The world is warming, and the days of cheap oil are gone. Those are facts, laid out by scientists, economists and others who make it their business to study these things, not just dabble in them.
Politicians who would let us go the way of the dinosaurs can ignore them. Most of us would prefer to see our government leaders, including those in New York, use the higher brain functions that ought to separate us from more helpless species and plan for tomorrow.
That means ramping up the use of renewable energy sources that don’t add to global warming. New York should seriously consider a proposal to do just that with solar energy.
New York should follow the lead of most surrounding states and set a goal of increasing the amount of energy it produces from the sun in coming years.
Not an impossible goal, but not a meek one, either. New Jersey — much smaller and with less than half the population of New York, has a goal of 5,000 megawatts by 2026. New York should strive for no less.
Where would the money come from?
There’s the rub. Just about all of us. And that is how it should be.
We all ought to play a part in preparing our state, our nation, and really, this planet, for a time when the resources we’ve been happily burning up won’t be so abundant. For a typical New York home, helping meet this goal would cost all of 39 cents a month through 2025.
That’s a pretty cheap down payment on the future.
The plan envisioned by ACENY, a coalition of renewable energy, environmental and labor groups, would create a solar credit trading system. The credits would represent megawatts of power produced by things like solar array farms and rooftop systems.
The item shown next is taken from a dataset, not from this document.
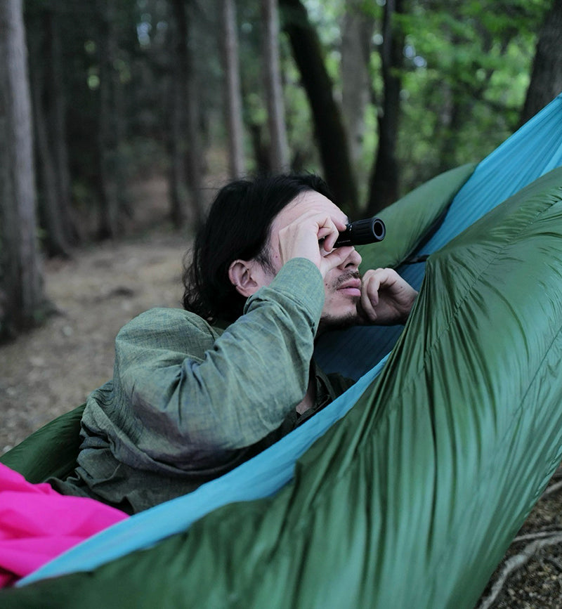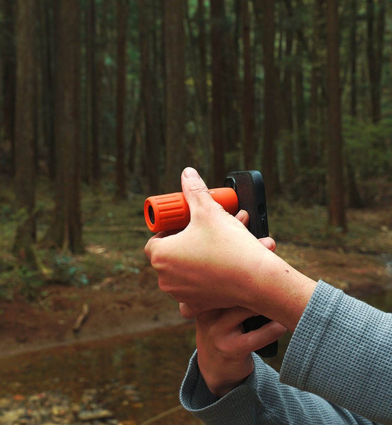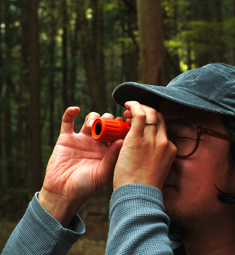ポケットにスッと入るサイズで、首から下げても邪魔にならないシンプルなデザインが特徴です。山好きなら誰しもが一度は憧れる「バードウォッチング」そして植物や木の造形や岩の形状。双眼鏡と比べて気軽に持ち運べて、気になる瞬間にサッと取り出して自然の中での「ちょい観察」が楽しめる手軽さが魅力なアイテム。

Utilities would purchase the solar energy, which, to be sure, is costlier now than the most power on the grid today. But that’s expected to change as fossil fuel energy costs rise and solar technology improves.
This is not just a feel-good idea, but one that could help New York in several ways.
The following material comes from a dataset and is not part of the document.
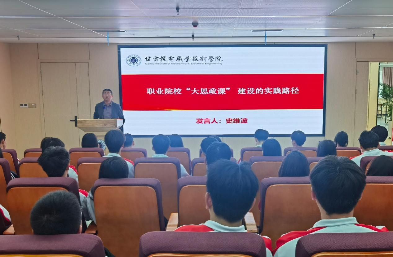 5月12日下午,甘肃省思政课名师工作室主持人、马克思主义学院院长史维波在明德楼多媒体影音室为学生代表作《职业院校“大思政课”建设的实践路径》主题报告。

Adding 5,000 megawatts would relieve some of the stress on the grid during peak demand, when the state’s consumption can approach 34,000 megawatts. Solar power sources, scattered around the state rather than limited to a few large plants, could relieve local demand and reduce bottlenecks and brownouts that occur when power can’t move across long distances on the grid quickly enough.
It would also mean jobs. Solar systems require local labor. Increased demand for solar systems could also further the state’s effort to expand its technology research and manufacturing sectors.
Five years ago, the Arbor Day Foundation noticed that the weather was getting warmer and that climate data confirmed it. The changes were so great that the foundation published new maps with revised tree hardiness zones.
Yet it took the federal government another half a decade to do the same thing with planting maps.
We can’t keep moving like a brontosaurus in a tar pit.